It just seems then that there is no real way for me as a developer to transfer
all the accumulated knowledge I already have about AWS to your framework.
Looking through Architect's source, it actually seems as if everything is done
via the AWS Javascript SDK, which seems a bit ... odd, to say the least. I'd
even venture as far as saying it goes against the AWS Well Architected
Framework guidelines (1) (which recommends using CloudFormation).

> No auth support is false. We support session out of the box and you're free
> to impl any auth scheme of your choosing.

Apologies, I couldn't find any mention in the docs. I meant more in terms of
using an AWS service such as Cognito Federated Identities, and in terms of
protecting API routes with either AWS_IAM, API keys or Cognito Authorizers.

> CORS could be implemented in the file format....

An Architect project deployment is not exactly repeatable if I still have to
go to the Web Console to enable CORS now, is it?

> Magic folders!

I personally would prefer either my project's root `node_modules` or a Webpack
bundle be deployed, over which I have some measure of control.
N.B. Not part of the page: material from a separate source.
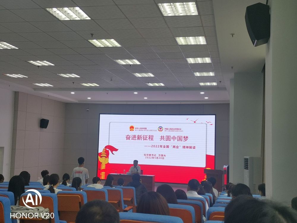 随后,万国光书记从2022年全国“两会”会议概况、2022年《政府工作报告》解读、2022年全国“两会”热词解读等三方面给师生上了一堂生动的专题思政课。授课过程中,万书记以提问的形式激发学生积极思考,利用现实中的生动案例及学生身边的故事分析问题,引导师生深刻地领会了今年两会的思想精髓。

Node already
has a hard enough time with its resolution algorithms, must we add to the
madness?

> Serverless framework is an abstraction that is easily as verbose as CF

I can't agree with you on Serverless being as verbose as CloudFormation, and I
think you should know better as someone who has dealt with the complexity of
setting up API Gateway programatically.

> but I'm not interested in comparing to it because we have different goals.

I think the comparisons are fair - both Architect and Serverless claim to be
"Serverless frameworks". I could be in the minority though.

> Serverless is an abstraction between clouds. If mulitcloud is your goal: use
> Serverless.

I mean... you're not wrong, but that's grossly oversimplifying it. I've
personally added support for Serverless AWS projects to allow hooking up
Lambdas to Cognito User Pool triggers. That's a pretty solid AWS-only use-
case, that likely isn't available on other cloud platforms (or at least, I
never implemented it for them).

> SAM is a flavor of CF which is def less verbose but still very vendor
> specific and …wordy.

Well, isn't Architect vendor-specific as well?

> This isn't a 'pet framework of the month'. I do take mild offense to that.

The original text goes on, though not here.